Restate word for word the part of the material that runs from the line containing "Formula 1 Car" through its final line, inclusive, minus the pictures.

**Data:**
------------------------------------------------------------

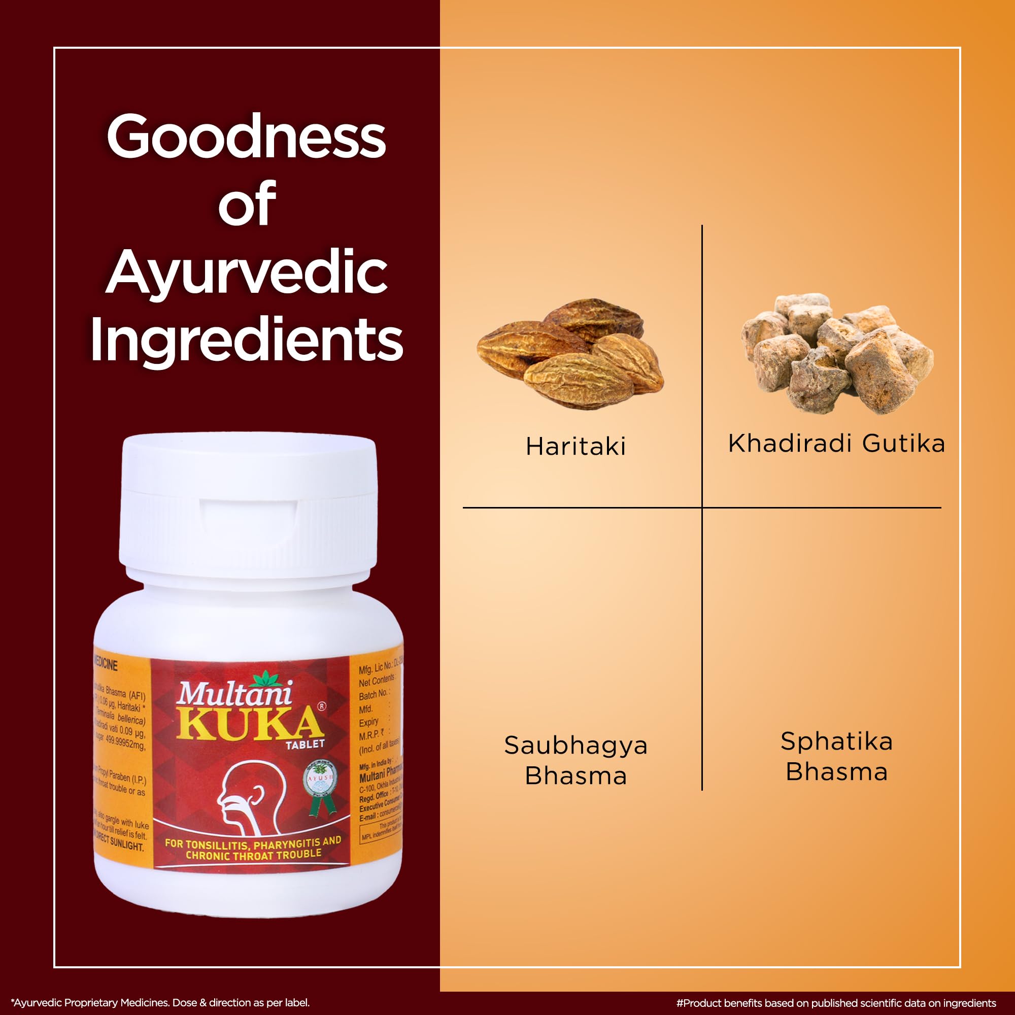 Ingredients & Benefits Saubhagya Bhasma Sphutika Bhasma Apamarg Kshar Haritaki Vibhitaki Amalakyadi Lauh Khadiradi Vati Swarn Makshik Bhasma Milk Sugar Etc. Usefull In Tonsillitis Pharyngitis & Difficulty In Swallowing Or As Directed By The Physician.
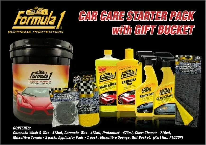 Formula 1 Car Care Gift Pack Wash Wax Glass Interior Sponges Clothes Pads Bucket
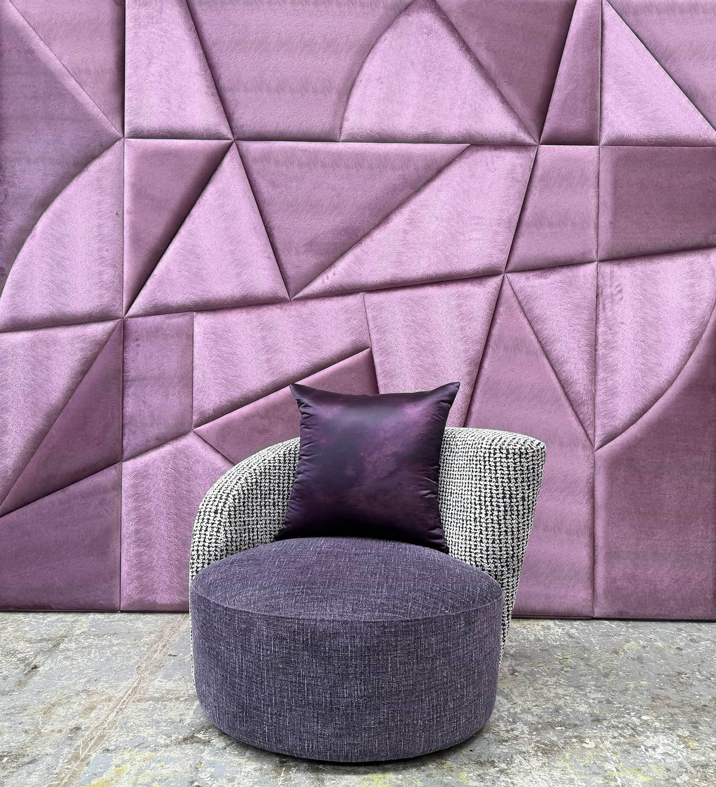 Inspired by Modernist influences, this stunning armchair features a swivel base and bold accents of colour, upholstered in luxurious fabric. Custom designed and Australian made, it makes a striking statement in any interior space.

------------------------------------------------------------

**Completed task:**
 Formula 1 Car Care Gift Pack Wash Wax Glass Interior Sponges Clothes Pads Bucket
 Inspired by Modernist influences, this stunning armchair features a swivel base and bold accents of colour, upholstered in luxurious fabric. Custom designed and Australian made, it makes a striking statement in any interior space.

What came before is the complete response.